60’s Scoop survivor works through her ‘Indian-ness’ with new play

Wednesday, August 17th, 2016 1:14pm


Image Caption

Playwright Shandra Spears Bombay (photo: Barb Nahwegahbow)

By Barb Nahwegahbow
Windspeaker Contributor

Imagine going from being just one-eighth Indian to being half Indian. That requires a whole identity shift, a reinvention of self. 

Exit crazy York University party girl known as Spawn and enter serious, traditional, cultural-identity-seeker dressed in the requisite long skirt, accessorized with Indigenous jewelry, and fair hair dyed black. Lots of ceremonies and Elders.

This is just one of the themes that playwright Shandra Spears Bombay explores in her half-hour one-woman show “If This is the End.”

It’s a work in progress that she workshopped for four days with her ‘dream team’ at Summerworks Festival in Toronto. It culminated in a half-hour public performance on Aug. 12 in the Factory Theatre Mainspace at 125 Bathurst Street.

A 60’s Scoop survivor, Spears Bombay was adopted in 1969 when she was five-and-a-half months old. Her adoptive family was the fourth set of parents she’d had, counting her birth family and two sets of foster parents.

She was told she was adopted, and that’s when she learned she was supposedly one-eighth Indigenous.

“At that time in my very white context,” she said, “that was nothing. It wasn’t really relevant. I was white.”

At the age of 19, she met her birth mother, a non-Indigenous woman she calls Linda. Spears Bombay learned from Linda that her father was 100 per cent Native, making her half Native, which then called for a journey to find her culture.

“By the time I did this, I was already a hard, tough woman. People don’t know you have to be tough to get through that transracial adoption experience. It was frustrating because people were like, ‘oh, you’re a lost bird and we’ll help you find your way back’. It wasn’t what I was used to. And to act like I didn’t know anything, that was hard.
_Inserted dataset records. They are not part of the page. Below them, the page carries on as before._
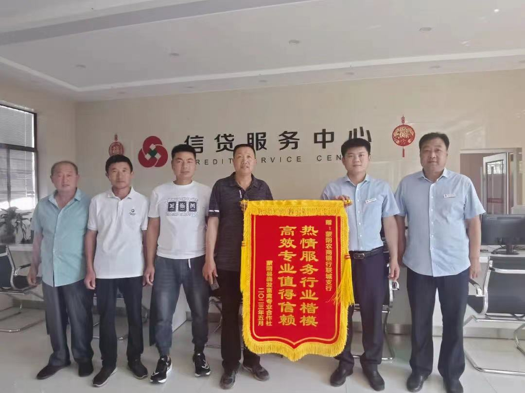“之前还担心养牛资金周转问题,蒙阴农商银行金融辅导队就给我们送来了信贷产品,真是雪中送炭!”近日,蒙阴县犇发畜禽专业合作社理事长孙奇德来到蒙阴农商银行联城支行,为该行送上了一面印有“热情服务行业楷模,高效专业值得信赖”的锦旗。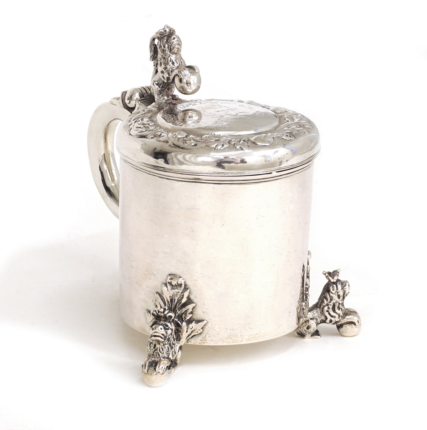 Niels Pedersen, f. Kolding, 1699-1713, Aarhus: Barok lågkrus af sølv med gæk og fødder i form af løver. Låg med ejerinitialer og datering 1711. H: 16,5cm. V: 619gr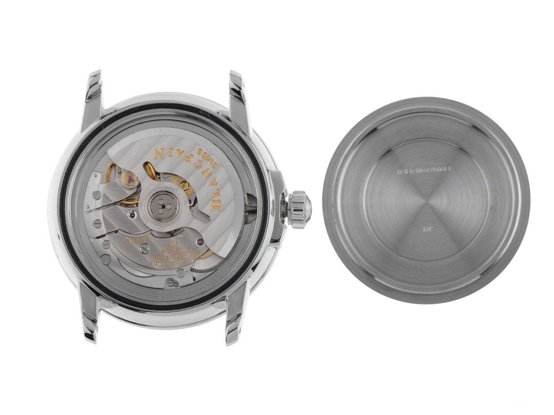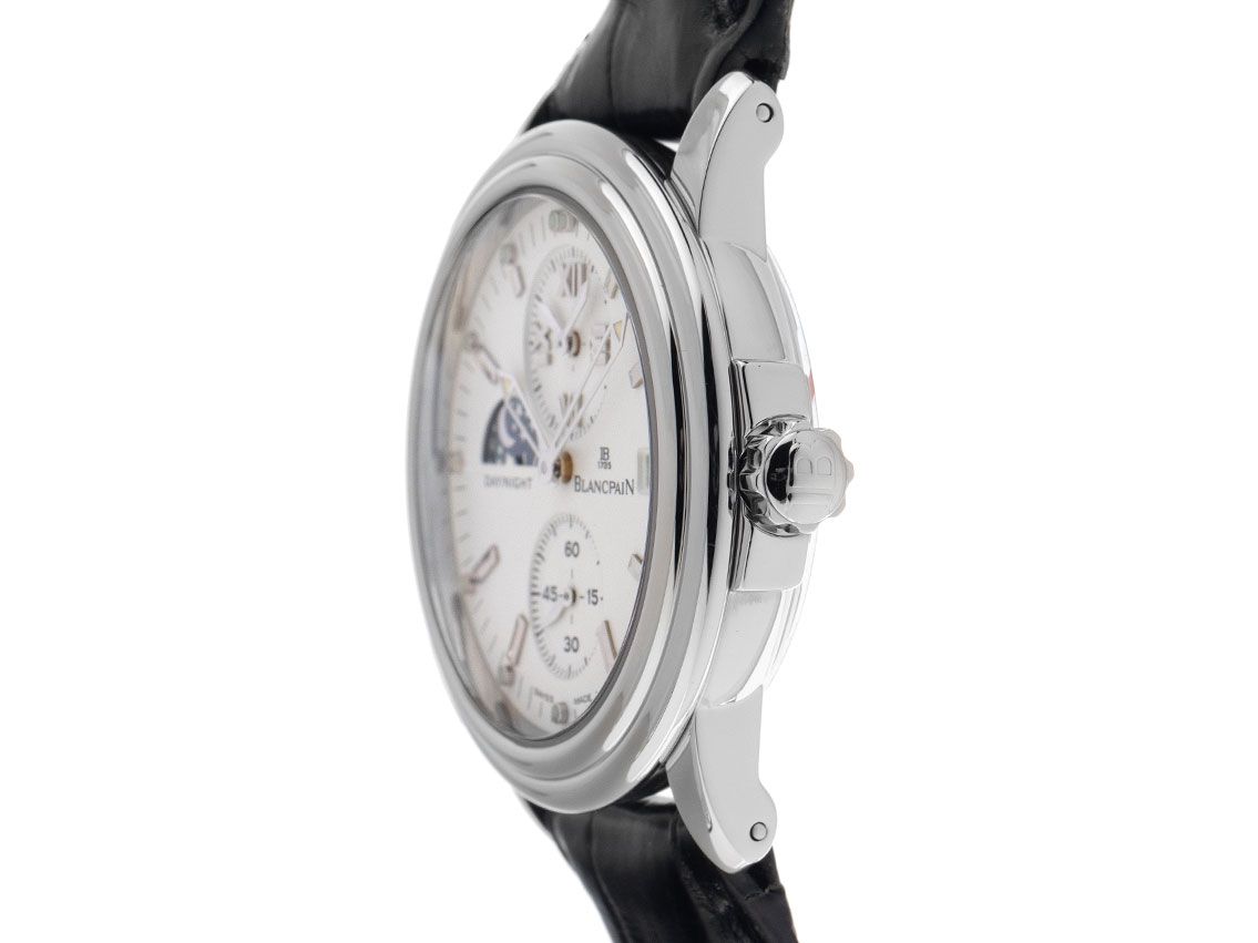 Gehäuse Edelstahl poliert, Durchmesser ohne Krone 38mm, Gehäusehöhe 11,6mm. Lünette Edelstahl glatt und poliert. Armband Leder schwarz mit Ziernaht, Anstoßbreite 20mm, Stiftschließe Edelstahl mit Hersteller-Logo. Zifferblatt weiß mit aufgesetzten Edelstahl Indexen und Edelstahl Zeigern. Uhrwerk Automatik, Kaliber Blancpain 5L60 mit 31 Edelsteinen. Anzeige von Stunde und Minute über Zeiger aus der Mitte, kleine Sekunde bei 6 Uhr, Datumsanzeige mit Schnellverstellung bei 3 Uhr, zweite Zeitzone bei 12 Uhr, Tag- und Nachtanzeige bei 9 Uhr. Saphirglas kratzfest und gewölbt. Krone verschraubbar mit Hersteller-Logo. Boden Edelstahl verschraubt und graviert. Gewicht der Uhr inklusive Armband 64g. Referenznummer: 2160-1127-53, Gehäusenummer: 1XXX, Baujahr: 2002, ID: P036280000125H-9800, Artikelnummer: 10000078154. Mit Uhrwerk Revision und kompletter äußerlicher Aufarbeitung von Januar 2025, inkl. 1000 Tage Garantie. Original Blancpain Box mit Umkarton und Uhrenpass. Superschnäppchen, sehr seltenes Sammlerstück, fast nicht getragen. Wie Neu. Lieferzeit sofort.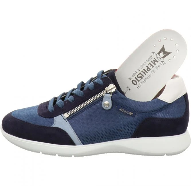 Modischer Sneaker aus dem Hause Mephisto. Obermaterial und Innenfutter bestehen aus hochwertigem Leder. Modisches Highlight sind die Einsätze aus Leder in Kontrastfarben und Einsätzen aus schimmerndem Leder mit dezenten Punkten. Für einen leichten Ein- und Ausstieg sorgen die beiden seitlichen Reißverschlüsse zusätzlich zur Schnürung. Das mit Leder überzogene Fußbett ist austauschbar. Für Ihren persönlichen Gehkomfort können Sie Ihre eigenen orthopädischen Einlagen einsetzen. Die Laufsohle besteht aus Kautschuk und bietet jederzeit besten Halt. Dieser vielseitige Schuh ist mit Soft-Air-Technologie ausgestattet. Harte Auftrittsstösse werden reduziert, Gelenke und Wirbelsäule werden geschont.
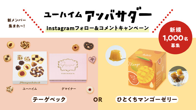 株式会社ユーハイム(本社:神戸市中央区港島中町7-7-4 代表取締役社長:河本英雄 以下、ユーハイム)は、お菓子を通じてファンとの交流を図ることを目的とし、総勢4,000名のアンバサダーを対象とした「ユーハイムアンバサダーキャンペーン」を開催いたします。 今回は、日本出店100周年を迎えた「ユーハイム」&ドイツの老舗ブランド「Gmeiner(グマイナー)」の定番ビスケットと、ユーハイムの季節限定ゼリーからお選びいただけます。また、一緒にユーハイムのお菓子の魅力を発信していただける、新たなアンバサダーを1,000名募集します。みなさまと素敵なお菓子時間を共有できることを楽しみにしています。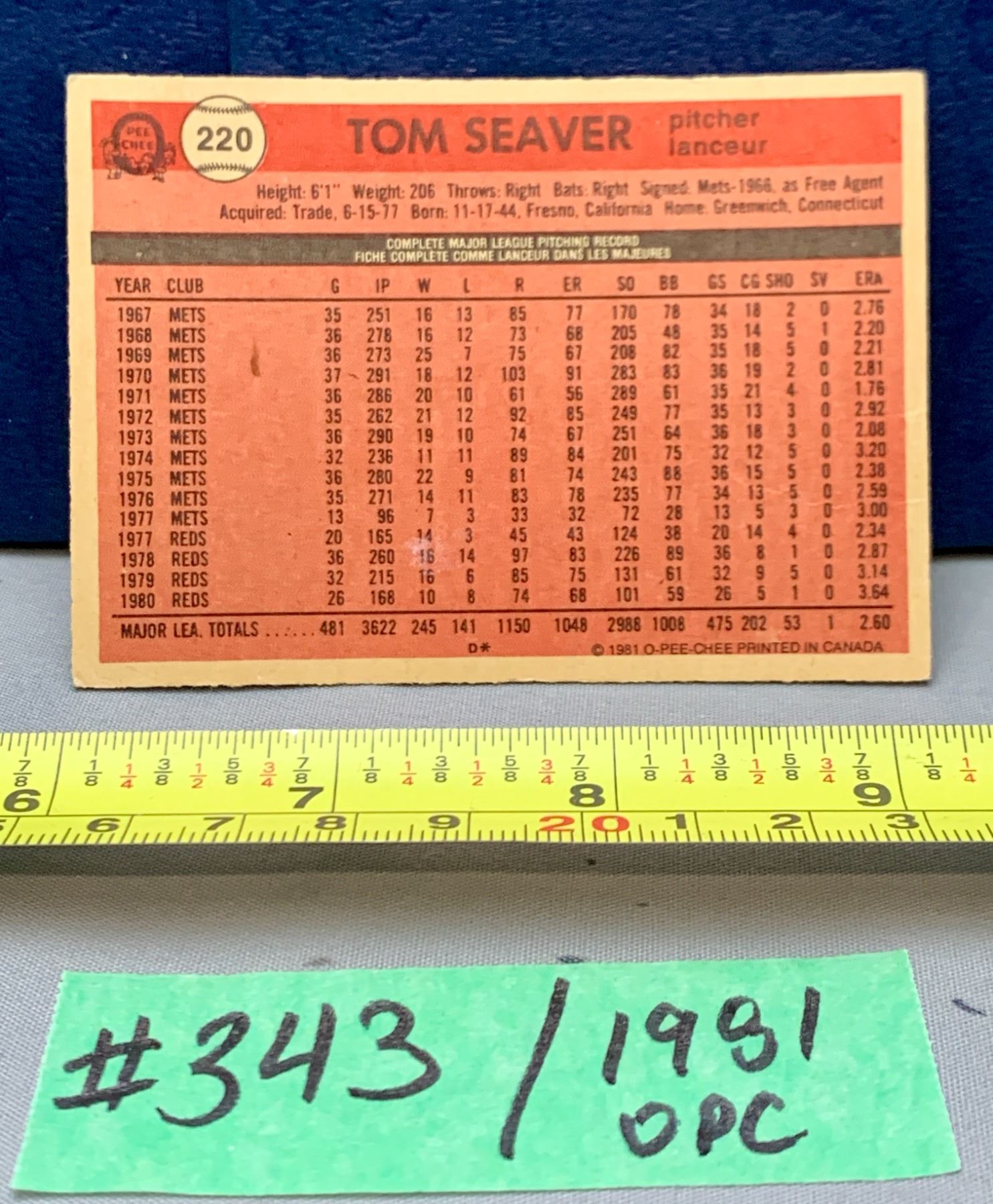 MLB Baseball Card - 1981 OPC Vintage Tom Seaver #220

I already had all this leadership ability and it sucked to be starting from scratch at age 20. But it was beautiful too, because our culture is so healing.”
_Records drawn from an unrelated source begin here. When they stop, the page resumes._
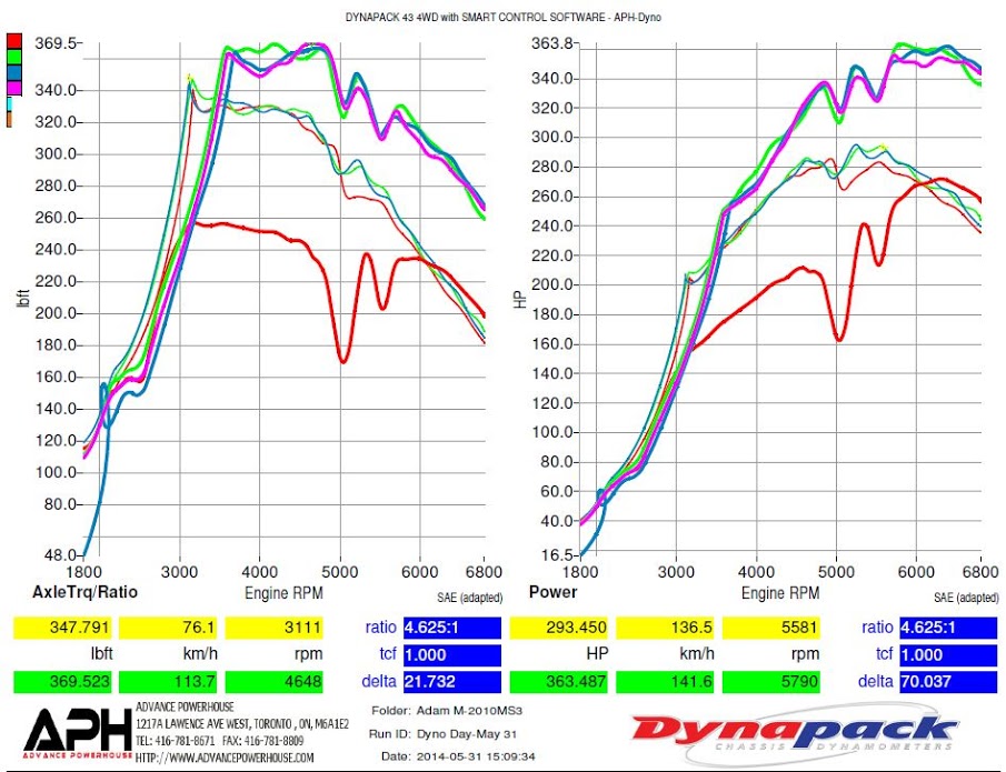 | Not Ranked : 0 score Here is a cut and paste of my thread on torontomazda3. This was posted by Vincent at Mspeed tuning and diagnostics, who was responsible for tuning my car. 2010 MS3 55K KM Cobb AP v3 MSpeed custom tune Garrett GTX2867 Autotech HPFP internals HTP 3" intake HKS SSQV BPV in recirculating mode CS TMIC TurboXS DP w/ Magnaflow single cat Ultimate Racing Test Pipe + CBE CP-e SafeSeals Grimmspeed 3-port EBCS Bosch 3-bar MAP sensor CS OCC CS Full engines mounts Ultra94 363whp/400wtrq CORRECTED* [363whp/370wtrq on dyno] Gain of +70whp/+23wtrq @ peak or +23.9%whp/+6.6%wtrq** Regarding gearing, dyno and corrections. MBNTO has reviewed the dyno plots done @ APH and he has discovered inconsistencies in the gearing ratio used for Gen2's on the dyno. I have corrected Adam's numbers with calculations below. As well, Brian's dyno, esp the front left module is still on the fritz and it's responsible for the dip @ 5000rpm and 5500rpm. *Trq correction for gearing: (Dyno Trq * Dyno Ratio) / (4th Gear Ratio * Final Drive) = (370*4.625)/(1.02*4.19) = 400 **Correction for previous peak trq of 348: = (348*4.625)/(1.02*4.19) = 377 Then, 400 - 377 = 23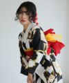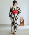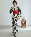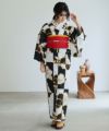 モダン幾何学×牡丹 モダン牡丹 浴衣2点セット(兵児帯)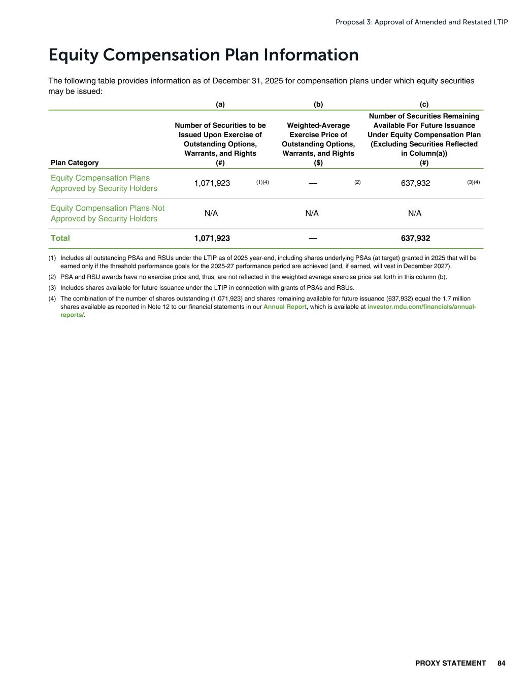 Equity Compensation Plan Information The following table provides information as of December 31, 2025 for compensation plans under which equity securities may be issued: (a) (b) (c) Plan Category Number of Securities to be Issued Upon Exercise of Outstanding Options, Warrants, and Rights (#) Weighted-Average Exercise Price of Outstanding Options, Warrants, and Rights ($) Number of Securities Remaining Available For Future Issuance Under Equity Compensation Plan (Excluding Securities Reflected in Column(a)) (#) Equity Compensation Plans Approved by Security Holders 1,071,923 (1)(4) — (2) 637,932 (3)(4) Equity Compensation Plans Not Approved by Security Holders N/A N/A N/A Total 1,071,923 — 637,932 (1) Includes all outstanding PSAs and RSUs under the LTIP as of 2025 year-end, including shares underlying PSAs (at target) granted in 2025 that will be earned only if the threshold performance goals for the 2025-27 performance period are achieved (and, if earned, will vest in December 2027). (2) PSA and RSU awards have no exercise price and, thus, are not reflected in the weighted average exercise price set forth in this column (b). (3) Includes shares available for future issuance under the LTIP in connection with grants of PSAs and RSUs. (4) The combination of the number of shares outstanding (1,071,923) and shares remaining available for future issuance (637,932) equal the 1.7 million shares available as reported in Note 12 to our financial statements in our Annual Report, which is available at investor.mdu.com/financials/annual- reports/. Proposal 3: Approval of Amended and Restated LTIP PROXY STATEMENT 84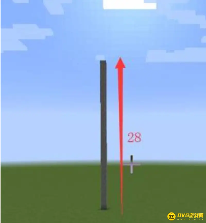 1.用任意方块搭建一个高28格的柱子,这样保证怪物一定会被摔死。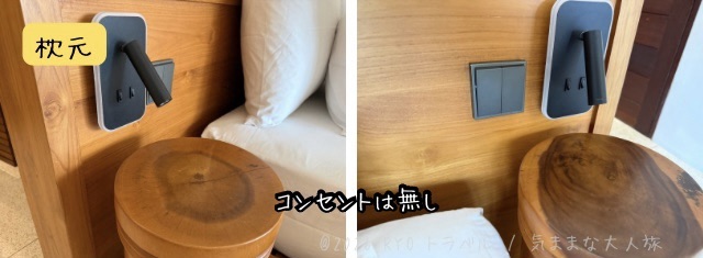 ベットサイドに読書灯とサイドテーブルがありますが、コンセントは無し。

Summerworks Festival is recognized as one of the most important platforms for launching new Canadian works.

“It’s amazing how much you can do in 20 hours,” Spears Bombay said following the performance, “especially when you have a great team.”
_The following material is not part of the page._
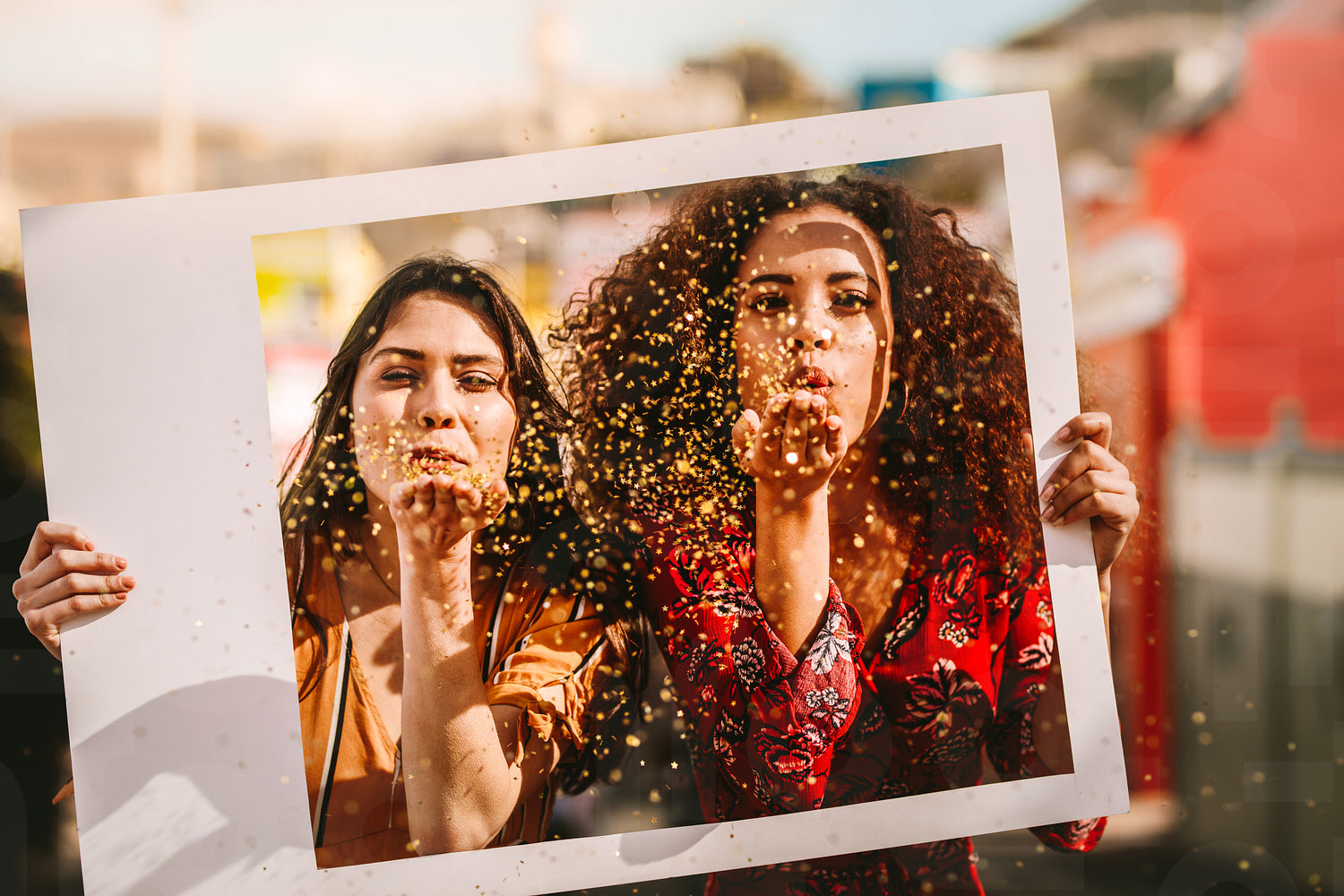 Beautiful young women blowing a burst of magic glitter through a big empty photo frame outdoors. Attractive female friends with picture frame blowing glitters.

Working with her dream team were Marion DeVries and Heather Majaury, who directed and dramaturged the play. They also organized the lighting, which was “awesome,” Spears Bombay said.

“I had a huge stack of writing, but it wasn’t organized. I had this plan where I was going to pull a really good draft together but that didn’t happen. I spent the first day with Marion just telling stories, and from there we started pulling out pieces. She was great because she’d stop and ask me questions and that made me realize the audience needs to hear the story a step at a time. I was in a hurry to get to where I wanted to go.

“Then Heather came in the next day and we mapped out the second half.”

 “If This is the End” is autobiographical and Spears Bombay bares it all on stage with a great deal of courage, humour, skill and vivacity. The stage is bare except for a few sheets of paper on the floor.

She’s comfortable in that space, although we sometimes get a glimpse of a shyness, accompanied by a disarming grin when she opens up on a subject that might cause discomfort, not just for her audience but for herself.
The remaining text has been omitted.